2009-02-16 Thread Amandeep Khurana
Ok. Thanks..

Another question now. Do the datanodes have any way of linking a particular
block of data to a global file identifier?

Amandeep


Amandeep Khurana
Computer Science Graduate Student
University of California, Santa Cruz


On Sun, Feb 15, 2009 at 9:37 PM, Matei Zaharia  wrote:

> In general, yeah, the scripts can access any resource they want (within the
> permissions of the user that the task runs as). It's also possible to
> access
> HDFS from scripts because HDFS provides a FUSE interface that can make it
> look like a regular file system on the machine. (The FUSE module in turn
> talks to the namenode as a regular HDFS client.)
>
> On Sun, Feb 15, 2009 at 8:43 PM, Amandeep Khurana 
> wrote:
>
> > I dont know much about Hadoop streaming and have a quick question here.
> >
> > The snippets of code/programs that you attach into the map reduce job
> might
> > want to access outside resources (like you mentioned). Now these might
> not
> > need to go to the namenode right? For example a python script. How would
> it
> > access the data? Would it ask the parent java process (in the
> tasktracker)
> > to get the data or would it go and do stuff on its own?
> >
> >
> > Amandeep Khurana
> > Computer Science Graduate Student
> > University of California, Santa Cruz
> >
> >
> > On Sun, Feb 15, 2009 at 8:23 PM, Matei Zaharia 
> wrote:
> >
> > > Nope, typically the JobTracker just starts the process, and the
> > tasktracker
> > > talks directly to the namenode to get a pointer to the datanode, and
> then
> > > directly to the datanode.
> > >
> > > On Sun, Feb 15, 2009 at 8:07 PM, Amandeep Khurana 
> > > wrote:
> > >
> > > > Alright.. Got it.
> > > >
> > > > Now, do the task trackers talk to the namenode and the data node
> > directly
> > > > or
> > > > do they go through the job tracker for it?
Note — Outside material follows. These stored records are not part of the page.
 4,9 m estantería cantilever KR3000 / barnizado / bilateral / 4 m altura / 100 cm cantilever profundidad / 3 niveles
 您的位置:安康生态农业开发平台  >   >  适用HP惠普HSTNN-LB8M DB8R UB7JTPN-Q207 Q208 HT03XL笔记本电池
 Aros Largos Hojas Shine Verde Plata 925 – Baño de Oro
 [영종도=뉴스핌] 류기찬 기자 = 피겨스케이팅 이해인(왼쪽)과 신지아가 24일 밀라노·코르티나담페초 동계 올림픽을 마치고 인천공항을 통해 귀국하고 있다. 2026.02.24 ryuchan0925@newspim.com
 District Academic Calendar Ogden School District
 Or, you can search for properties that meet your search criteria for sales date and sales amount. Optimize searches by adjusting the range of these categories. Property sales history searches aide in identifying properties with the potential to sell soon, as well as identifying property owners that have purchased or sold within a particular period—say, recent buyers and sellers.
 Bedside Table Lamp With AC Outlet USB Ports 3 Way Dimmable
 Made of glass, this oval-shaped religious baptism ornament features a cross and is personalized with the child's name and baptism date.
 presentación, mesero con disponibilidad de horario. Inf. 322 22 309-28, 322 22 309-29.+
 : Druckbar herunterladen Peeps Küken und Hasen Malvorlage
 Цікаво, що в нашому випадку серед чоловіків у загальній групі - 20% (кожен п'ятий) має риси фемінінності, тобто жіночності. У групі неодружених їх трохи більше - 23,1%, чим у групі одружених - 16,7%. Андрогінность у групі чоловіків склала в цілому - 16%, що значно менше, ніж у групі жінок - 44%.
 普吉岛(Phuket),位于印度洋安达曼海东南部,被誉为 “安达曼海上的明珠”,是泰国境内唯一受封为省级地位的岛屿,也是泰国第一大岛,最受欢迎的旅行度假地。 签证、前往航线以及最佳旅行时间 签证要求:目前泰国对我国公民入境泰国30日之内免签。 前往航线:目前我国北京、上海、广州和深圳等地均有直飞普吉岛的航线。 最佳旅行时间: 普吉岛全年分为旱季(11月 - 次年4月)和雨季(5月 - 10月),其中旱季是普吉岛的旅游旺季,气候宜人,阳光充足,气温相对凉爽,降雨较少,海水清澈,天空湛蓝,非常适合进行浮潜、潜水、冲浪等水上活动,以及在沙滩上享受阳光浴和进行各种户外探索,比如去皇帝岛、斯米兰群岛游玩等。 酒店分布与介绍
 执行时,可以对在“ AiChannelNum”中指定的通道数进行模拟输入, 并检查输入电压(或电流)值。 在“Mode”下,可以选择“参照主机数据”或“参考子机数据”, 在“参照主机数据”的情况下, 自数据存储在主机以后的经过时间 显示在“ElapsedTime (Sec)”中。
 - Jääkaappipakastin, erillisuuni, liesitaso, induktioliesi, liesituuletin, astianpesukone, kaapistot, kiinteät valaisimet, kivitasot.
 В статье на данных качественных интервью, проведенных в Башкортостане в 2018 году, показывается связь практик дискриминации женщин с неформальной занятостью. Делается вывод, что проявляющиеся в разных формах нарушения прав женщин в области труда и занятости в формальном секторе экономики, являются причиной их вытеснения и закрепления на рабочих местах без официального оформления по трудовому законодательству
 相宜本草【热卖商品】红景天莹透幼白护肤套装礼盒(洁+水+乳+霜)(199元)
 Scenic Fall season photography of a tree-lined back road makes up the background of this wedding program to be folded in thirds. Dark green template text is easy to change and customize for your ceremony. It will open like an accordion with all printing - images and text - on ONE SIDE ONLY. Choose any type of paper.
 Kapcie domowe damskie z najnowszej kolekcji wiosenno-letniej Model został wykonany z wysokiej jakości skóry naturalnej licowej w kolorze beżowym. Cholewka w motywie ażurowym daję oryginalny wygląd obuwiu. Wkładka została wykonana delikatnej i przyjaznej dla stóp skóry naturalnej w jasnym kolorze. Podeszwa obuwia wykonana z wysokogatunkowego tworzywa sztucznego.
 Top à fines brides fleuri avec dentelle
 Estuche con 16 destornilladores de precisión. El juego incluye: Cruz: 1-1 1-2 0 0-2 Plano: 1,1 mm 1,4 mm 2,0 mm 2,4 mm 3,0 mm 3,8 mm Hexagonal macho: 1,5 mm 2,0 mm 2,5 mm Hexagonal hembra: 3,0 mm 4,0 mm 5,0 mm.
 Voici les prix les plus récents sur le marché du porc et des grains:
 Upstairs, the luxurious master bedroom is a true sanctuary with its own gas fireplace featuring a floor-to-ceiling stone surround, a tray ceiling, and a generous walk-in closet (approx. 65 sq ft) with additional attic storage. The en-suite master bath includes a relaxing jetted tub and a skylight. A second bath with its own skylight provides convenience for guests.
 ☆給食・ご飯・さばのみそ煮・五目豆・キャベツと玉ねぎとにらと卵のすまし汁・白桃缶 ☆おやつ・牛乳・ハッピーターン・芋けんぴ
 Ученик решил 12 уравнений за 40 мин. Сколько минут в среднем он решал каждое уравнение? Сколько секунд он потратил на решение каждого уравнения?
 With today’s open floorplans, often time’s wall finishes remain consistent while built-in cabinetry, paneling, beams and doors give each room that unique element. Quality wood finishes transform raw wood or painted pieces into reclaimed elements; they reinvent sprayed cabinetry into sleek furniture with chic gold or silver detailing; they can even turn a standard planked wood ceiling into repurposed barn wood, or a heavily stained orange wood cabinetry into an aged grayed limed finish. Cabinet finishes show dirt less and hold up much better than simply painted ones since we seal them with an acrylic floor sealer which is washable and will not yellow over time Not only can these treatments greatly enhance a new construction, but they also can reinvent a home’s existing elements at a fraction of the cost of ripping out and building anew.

So, if my code is such
> that
> > I
> > > > need to access more files from the hdfs, would the job tracker get
> > > involved
> > > > or not?
> > > >
> > > >
> > > >
> > > >
> > > > Amandeep Khurana
> > > > Computer Science Graduate Student
> > > > University of California, Santa Cruz
> > > >
> > > >
> > > > On Sun, Feb 15, 2009 at 7:20 PM, Matei Zaharia 
> > > wrote:
> > > >
> > > > > Normally, HDFS files are accessed through the namenode. If there
> was
> > a
> > > > > malicious process though, then I imagine it could talk to a
> datanode
> > > > > directly and request a specific block.
> > > > >
> > > > > On Sun, Feb 15, 2009 at 7:15 PM, Amandeep Khurana <
> ama...@gmail.com>
> > > > > wrote:
> > > > >
> > > > > > Ok. Got it.
> > > > > >
> > > > > > Now, when my job needs to access another file, does it go to the
> > > > Namenode
> > > > > > to
> > > > > > get the block ids? How does the java process know where the files
> > are
> > > > and
> > > > > > how to access them?
> > > > > >
> > > > > >
> > > > > > Amandeep Khurana
> > > > > > Computer Science Graduate Student
> > > > > > University of California, Santa Cruz
> > > > > >
> > > > > >
> > > > > > On Sun, Feb 15, 2009 at 7:05 PM, Matei Zaharia <
> ma...@cloudera.com
> > >
> > > > > wrote:
> > > > > >
> > > > > > > I mentioned this case because even jobs written in Java can use
> > the
> > > > > HDFS
> > > > > > > API
> > > > > > > to talk to the NameNode and access the filesystem. People often
> > do
> > > > this
> > > > > > > because their job needs to read a config file, some small data
> > > table,
> > > > > etc
> > > > > > > and use this information in its map or reduce functions. In
> this
> > > > case,
> > > > > > you
> > > > > > > open the second file separately in your mapper's init function
> > and
> > > > read
> > > > > > > whatever you need from it. In general I wanted to point out
> that
> > > you
> > > > > > can't
> > > > > > > know which files a job will access unless you look at its
> source
> > > code
> > > > > or
> > > > > > > monitor the calls it makes; the input file(s) you provide in
> the
> > > job
> > > > > > > description are a hint to the MapReduce framework to place your
> > job
> > > > on
> > > > > > > certain nodes, but it's reasonable for the job to access other
> > > files
> > > > as
> > > > > > > well.
> > > > > > >
> > > > > > > On Sun, Feb 15, 2009 at 6:14 PM, Amandeep Khurana <
> > > ama...@gmail.com>
> > > > > > > wrote:
> > > > > > >
> > > > > > > > Another question that I have here - When the jobs run
> arbitrary
> > > > code
> > > > > > and
> > > > > > > > access data from the HDFS, do they go to the namenode to get
> > the
> > > > > block
> > > > > > > > information?
> > > > > > > >
> > > > > > > >
> > > > > > > > Amandeep Khurana
> > > > > > > > Computer Science Graduate Student
> > > > > > > > University of California, Santa Cruz
> > > > > > > >
> > > > > > > >
> > > > > > > > On Sun, Feb 15, 2009 at 6:00 PM, Amandeep Khurana <
> > > > ama...@gmail.com>
> > > > > > > > wrote:
> > > > > > > >
> > > > > > > > > Assuming that the job is purely in Java and not involving
> > > > streaming
> > > > > > or
> > > > > > > > >

Re: setting blank passwords for user hadoop...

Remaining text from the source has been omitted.